Hacker News new | ask | show | jobs
by rglullis 318 days ago
Uh, the author got so close to make the same realization I had while working on a project [0] for the Wikimedia Foundation: we wouldn't need search engines if we had better tooling to query semantic databases like wikidata.

However, the thing that the author might be missing is that the semantic web exists. [1] The problem is that the tools that we can use to access it are not being developed by Big Tech. Remember Freebase? Remember that Google could have easily kept it around but decided to fold it and shoved it into the structured query results? That's because Google is not interested in "organizing the world's information and make it universally accessible" unless it is done in a way that it can justify itself into being the data broker.

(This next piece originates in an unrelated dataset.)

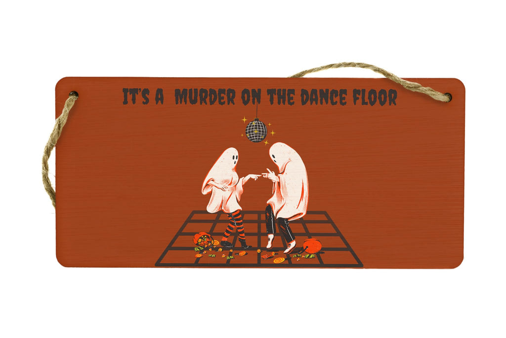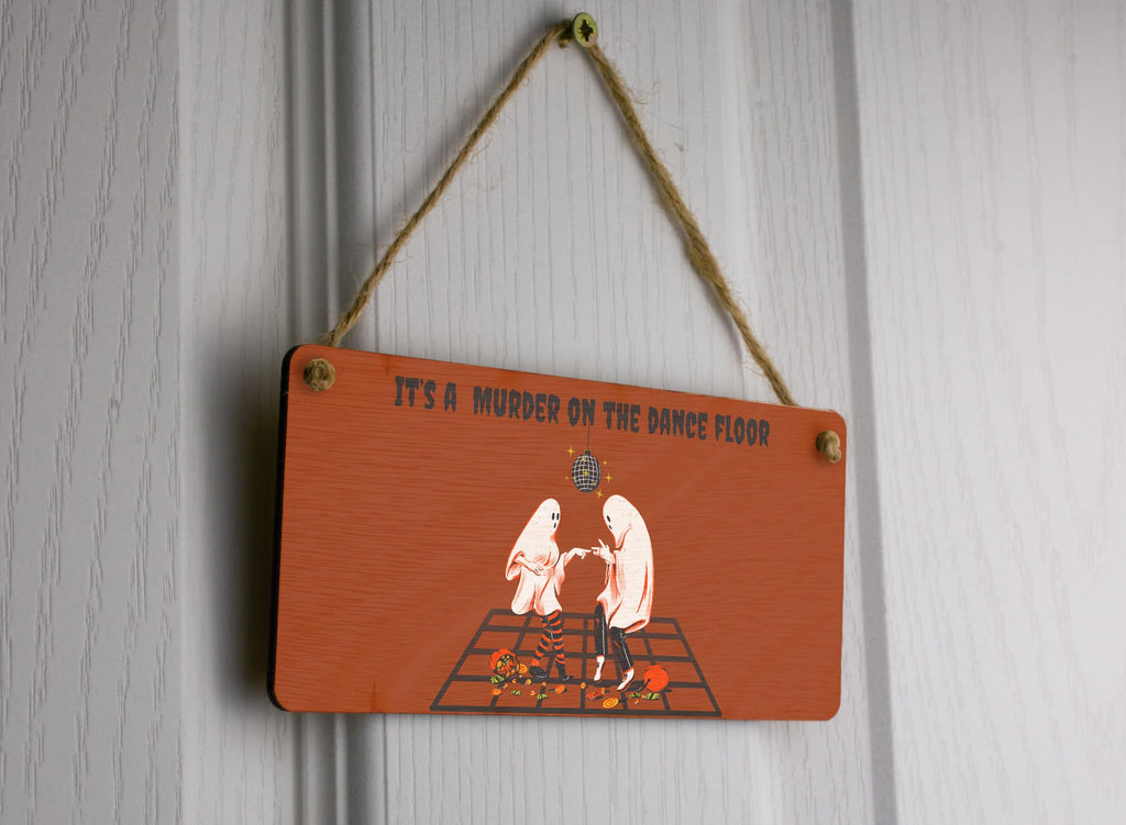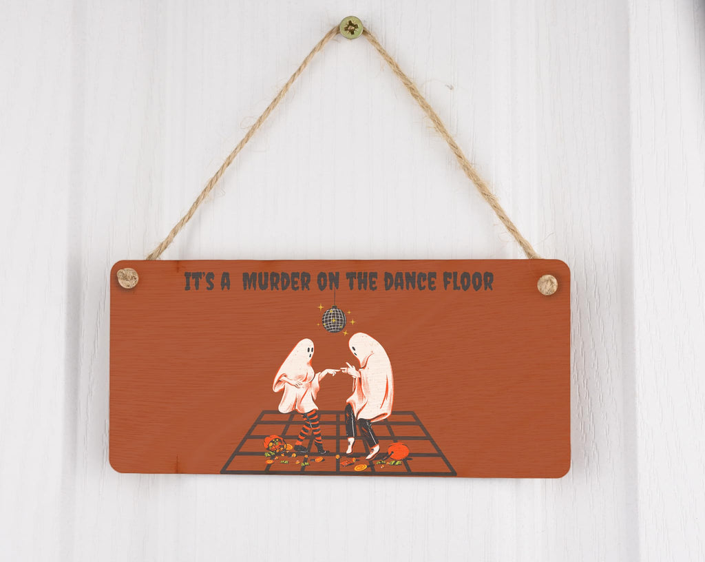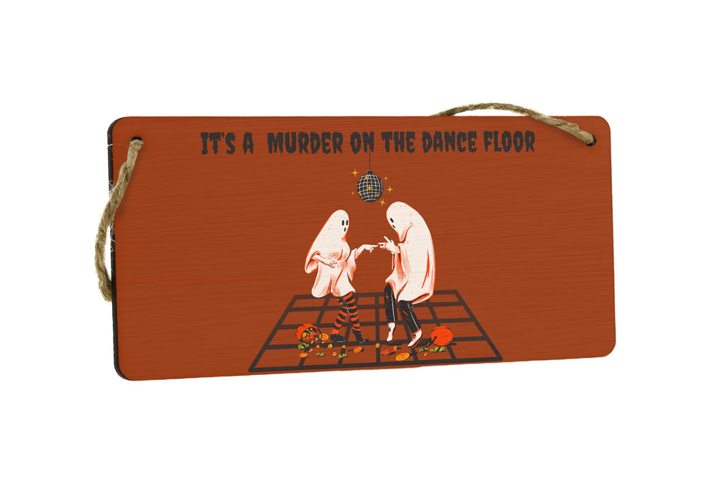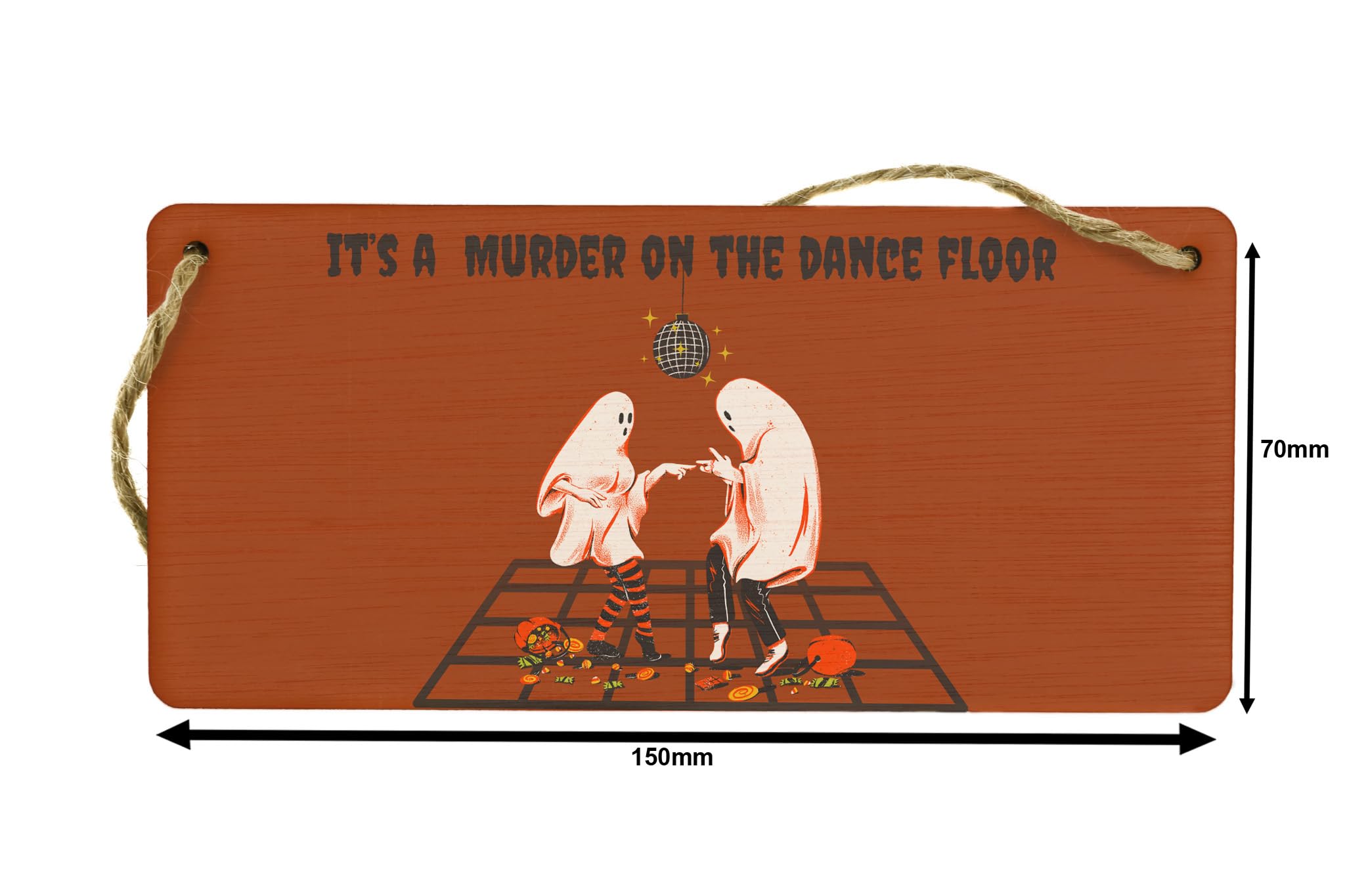 Add a spooky touch to your Halloween decor with our Plywood Hanging Halloween Sign. This full-colour sign features a ghost design and reads 'Murder on the Dance Floor', making it a funny and eye-catching addition to any Halloween party or haunted house. The sign is made of plywood and can easily be hung on doors, walls, or anywhere else you want to add a touch of spookiness. It's the perfect Halloween decoration for anyone looking to create a spooky atmosphere and entertain their guests.

I'm completely out of time or energy for any side project at the moment, but if someone wants to steal my idea: please take a llm model and fine tune so that it can take any question and turn it into a SparQL query for Wikidata. Also, make a web crawler that reads the page and turns into a set of RDF triples or QuickStatements for any new facts that are presented. This would effectively be the "ultimate information organizer" and could potentially replace Wikidata as most people's entry page of the internet.

[0]: https://meta.wikimedia.org/wiki/QuickStatements_3.0

[1] https://guides.library.ucla.edu/semantic-web/datasets

2 comments

DBpedia Spotlight and entity-fishing already do something similar to your idea - they extract structured data from text and link to knowledge bases. Combining these with LLM-based query translation to SPARQL could indeed bridge the gap between semantic web's structure and natural language interfaces.
ChatGPT etc does an OK job at SPARQL generation. Try something like "generate a list of all supermarkets, including websites, country, description" and you get usable queries out.

In a much, much more limited way, this is what I was dabbling with with alltheprices - queries to pull data from wikidata, crawling sites to pull out the schema.org Product and offers, and publish the aggregate.